Разноцветных рыб на серый камень
Вывалит потом и без конца
Будет молча разводить руками,
Изумляясь мастерству Творца.
* * *
Мы разрываемся на службе,
Взлетая в подковёрных битвах,
И часто говорим о дружбе
Друзьям убитых.
Мы знаем цену человека,
А потому и Бога знаем.
Что полагается калекам,
Предоставляем.
Мы любим наше учрежденье,
Где всё теснее год от года,
Всё незаметней и смешнее
Орёл у входа.
* * *
Друг мой — служащий Империи,
В пиджачонке победитовом…
В человечьей бухгалтерии
Он заведует кредитами.
Он счета с моей фамилией
По всем папкам ищет-мается,
А найдёт — так цифры синие
В книгу пишет. Улыбается.
* * *
В продуваемой комнате переговоров,
где столетьями спорят Вчера и Завтра,
Сегодня томится от их справедливых укоров —
едкой смеси разочарованности и азарта.
Вчера расползётся снова дурным туманом,
Завтра опять попользуется и бросит,
лишь Сегодня правда не по карману,
оно всех принимает и всё выносит.
Только в часы, когда звёздную карту
солнце прячет за голубое,
Сегодня уверено в том, что Вчера и Завтра
ушли, наконец, договорившись между собою.
Мусор на крыше лежалый, покрытый пылью.
Всё оттого, что людей тут случается мало, а небу
Мусор неинтересен. Так же, как люди. Но здесь
В небе уже человек. И, в его тишине растворяясь,
Слышу я странные мысли о том, что земли не бывает.
Есть, дескать, высшее небо и небо пониже,
Низкое небо совсем, а земли не бывает…
Вежливо сдвинув консервную банку, смущённый,
Тихой звездой проплываю сквозь тьму чердака.
* * *
Я не один и я не одет.
Первый свидетель — солнечный свет —
Смотрит в салатник и наполняет стакан.
— Участь твоя, — говорит, — надёжнее, чем капкан,
Хочешь — молитвы пой, а хочешь — танцуй канкан.

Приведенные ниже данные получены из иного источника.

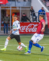Úff þetta var ljótt. Kristinn og Hjörtur Logi fara báðir í tæklingu sem að sá síðarnefndi er á undan í og Kristinn fer beint í lærið á Hirti sem að liggur eftir. Klárt gult.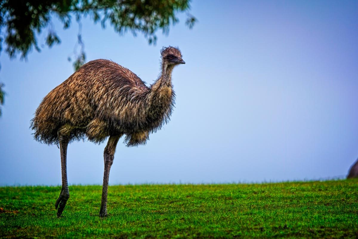 El emú es el ave más grande de Australia y la segunda más grande del mundo, justo detrás del avestruz. No vuela, pero compensa con unas patas poderosas que le permiten correr a más de 50 km/h. Al igual que el avestruz, tiene un cuerpo robusto, cuello largo y plumas suaves que parecen pelo.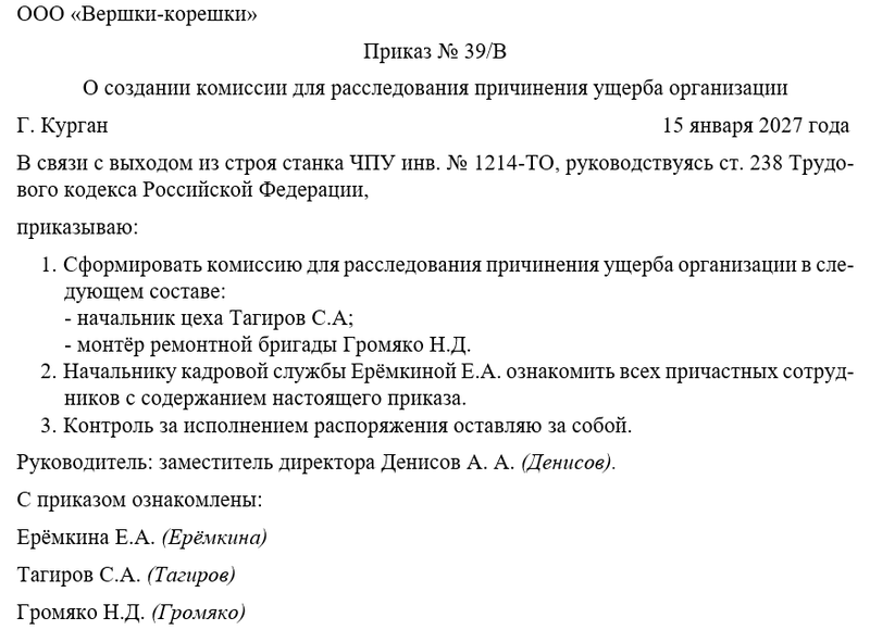 - создать комиссию для расследования причинения ущерба комиссии, перечислив, как минимум, два её участника;

Я опоздал, — говорит, — если цветы в венках,
Если твоя судьба ходит на каблуках,
Если в распахнутой двери — погашенная свеча,
Если движенье плеча
Как поворот ключа.
Так пропади в западне,
Разбейся о сотни глаз,
Первым дождём пролейся,
Сгустками падай в таз.
Сворачивать поздно. Останешься жив, сынок,
Будешь как я — нужен, когда одинок.
* * *
На нас взгляни — и нечего спросить.
Милы, а невозможно опознать.
Мы там, где дождик, чтобы моросить,
Мы там, где солнце, чтобы припекать.
Колючки звёзд тревожат каждый лоб,
А наша недалёкая звезда
Неразличима даже в телескоп
И первая — на зеркале пруда.
* * *
Проводить ещё раз облака
От крестов до слепящего круга,
Не заметить куда, с каблука
Вдруг вспорхнув, улетела супруга…
Потеряв невесомую нить,
Поклониться бетонному своду,
Чтобы снова в метро пережить
Неподдельную близость к народу…
* * *
Как положено — поезд, оставленный друг.
Разумеется, дождь, заоконная слякоть.
И уже перебор — стихотворный недуг…
Не хотелось скучать, а стараюсь не плакать.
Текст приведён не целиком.